Join others in New York exploring innovative treatment options through clinical research

Rectal Cancer Treatment Options in Cooperstown, New York

If you're searching for Rectal Cancer treatment in Cooperstown, participating in a clinical research study may provide access to innovative approaches under expert medical supervision. This study is actively recruiting participants in Cooperstown and surrounding areas.
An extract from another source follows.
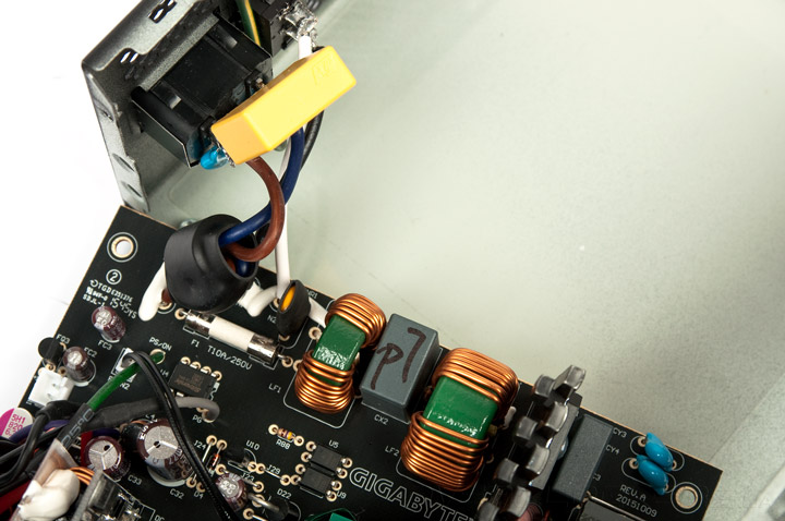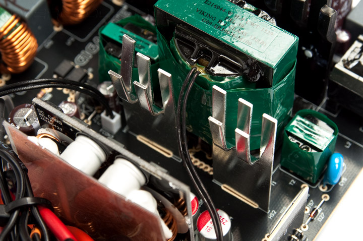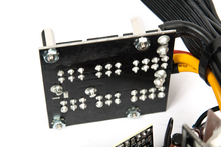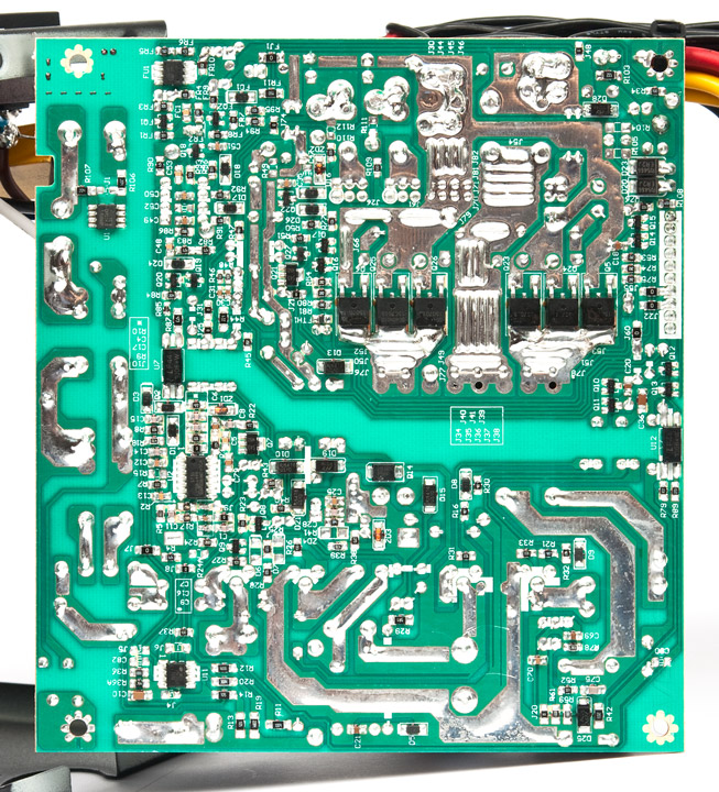 Из особенностей данной платформы можно отметить наличие отдельных проводов, подключенных к импульсному трансформатору, и перемычки, проходящей через пол блока питания. Возможно, они как раз относятся к системе контроля оборотов вентилятора.

Clinical trials offer participants the opportunity to receive cutting-edge treatments while contributing to medical research that may help future patients with Rectal Cancer. All study-related care is provided at no cost to participants.

Local Sites
1 locations in New York
Now Enrolling
Up to 50 participants
Quick Start
Screening available now

Why Consider a Clinical Trial for Rectal Cancer?

Potential Benefits

  • Access to new treatment approaches before public availability
  • Close monitoring by experienced medical professionals
  • Study-related care provided at no cost
  • Contribute to medical research for Rectal Cancer

What to Expect

  • Initial screening to determine eligibility
  • Regular check-ups and monitoring visits
  • Possible compensation for time and travel
  • You can withdraw at any time

Frequently Asked Questions About This Rectal Cancer Study

Important Clinical Trial Information

This information is provided for educational purposes and does not constitute medical advice. Clinical trial participation involves potential risks and benefits. Eligibility requirements apply and will be assessed during the screening process.

Study identifier: NCT04245683. For complete study details, visit ClinicalTrials.gov. Always consult with your healthcare provider before making decisions about your medical care or participating in clinical research.